Directions for this task
A verbatim repetition of the data below is requested, without images.

Dataset excerpt
=======

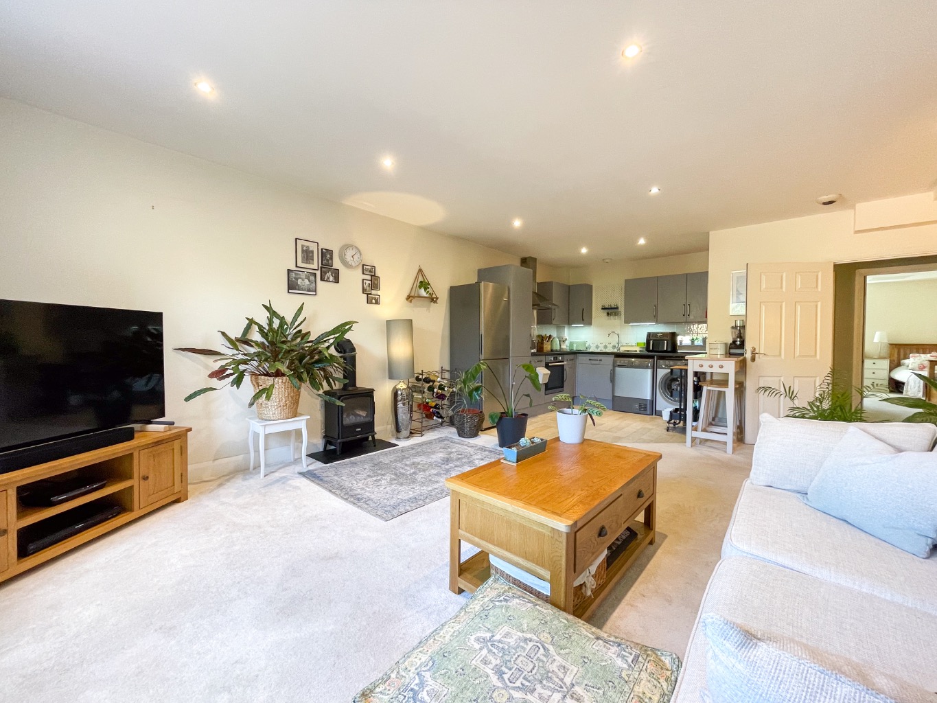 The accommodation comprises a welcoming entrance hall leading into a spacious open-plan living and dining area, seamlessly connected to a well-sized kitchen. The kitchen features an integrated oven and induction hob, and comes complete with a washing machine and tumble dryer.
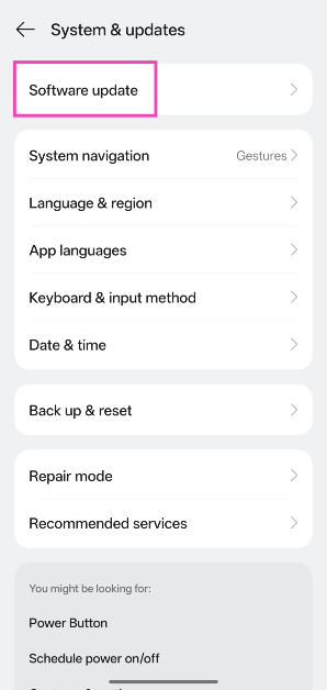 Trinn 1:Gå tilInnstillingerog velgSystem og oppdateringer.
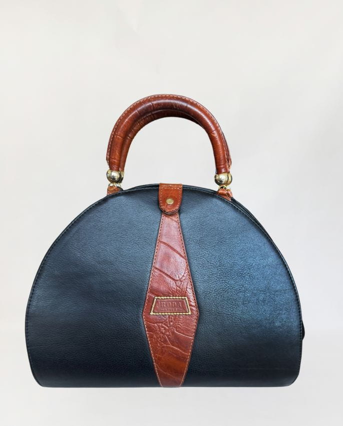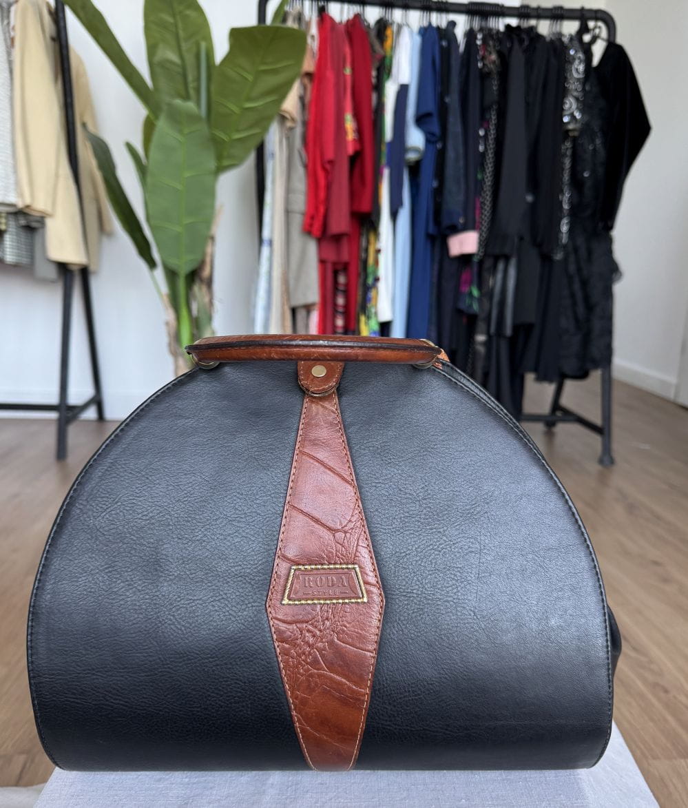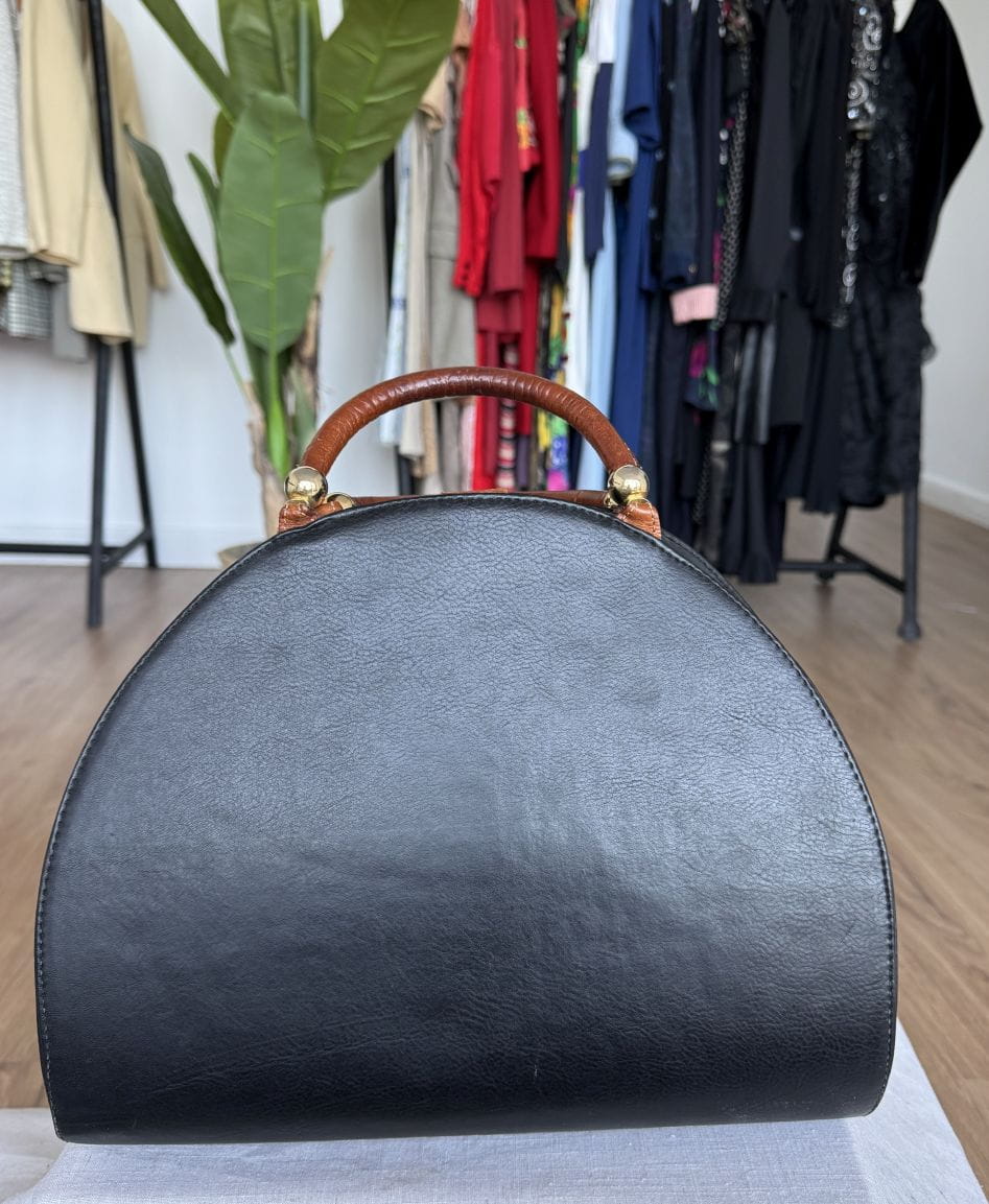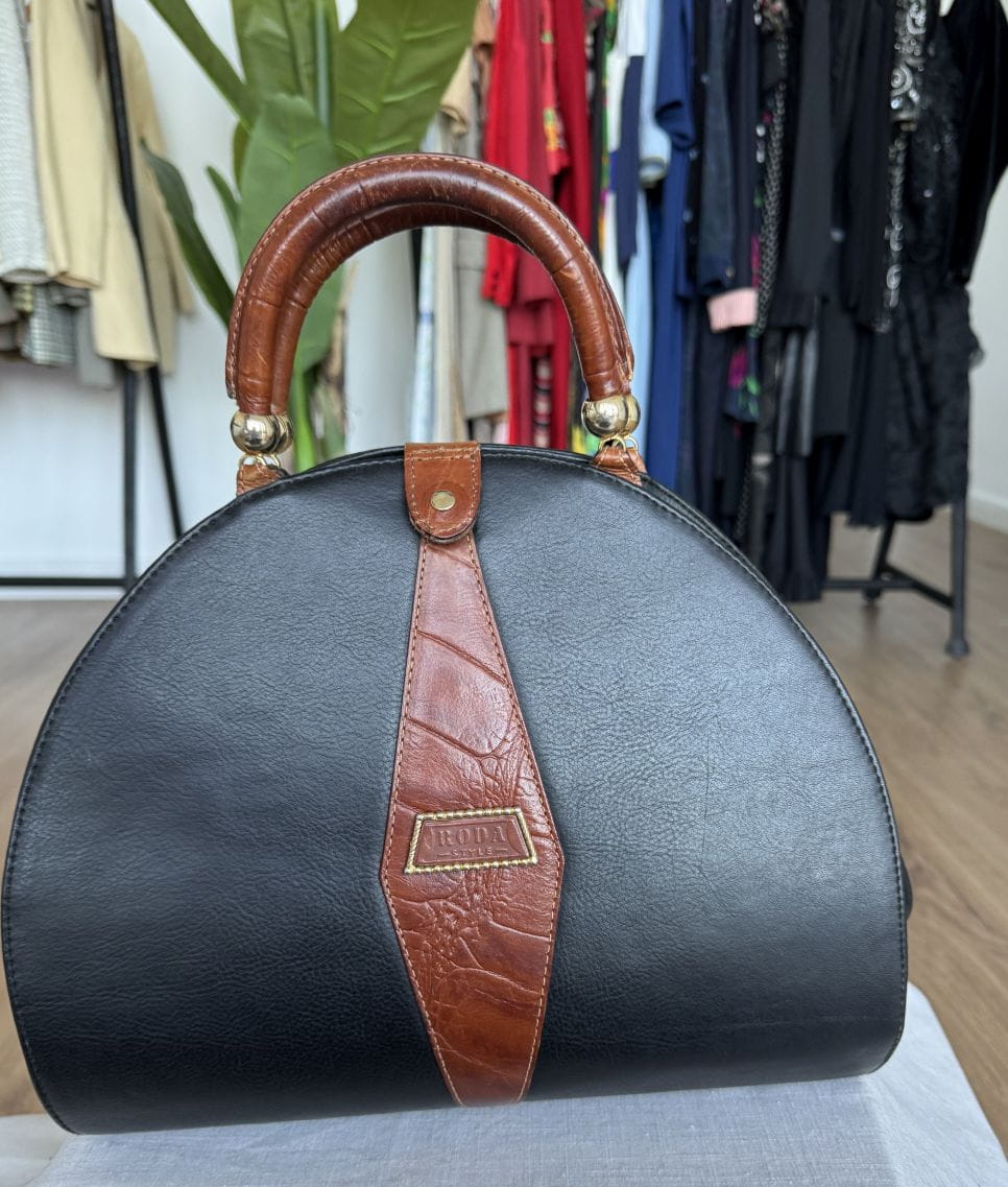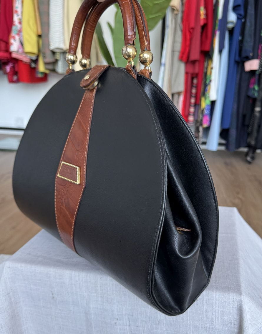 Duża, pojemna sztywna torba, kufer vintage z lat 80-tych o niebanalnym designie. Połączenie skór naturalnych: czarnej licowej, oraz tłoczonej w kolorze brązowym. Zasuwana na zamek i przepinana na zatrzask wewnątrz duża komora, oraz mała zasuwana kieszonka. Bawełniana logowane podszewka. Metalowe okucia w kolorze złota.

=======

Task response
 The accommodation comprises a welcoming entrance hall leading into a spacious open-plan living and dining area, seamlessly connected to a well-sized kitchen. The kitchen features an integrated oven and induction hob, and comes complete with a washing machine and tumble dryer.
 Trinn 1:Gå tilInnstillingerog velgSystem og oppdateringer.
 Duża, pojemna sztywna torba, kufer vintage z lat 80-tych o niebanalnym designie. Połączenie skór naturalnych: czarnej licowej, oraz tłoczonej w kolorze brązowym. Zasuwana na zamek i przepinana na zatrzask wewnątrz duża komora, oraz mała zasuwana kieszonka. Bawełniana logowane podszewka. Metalowe okucia w kolorze złota.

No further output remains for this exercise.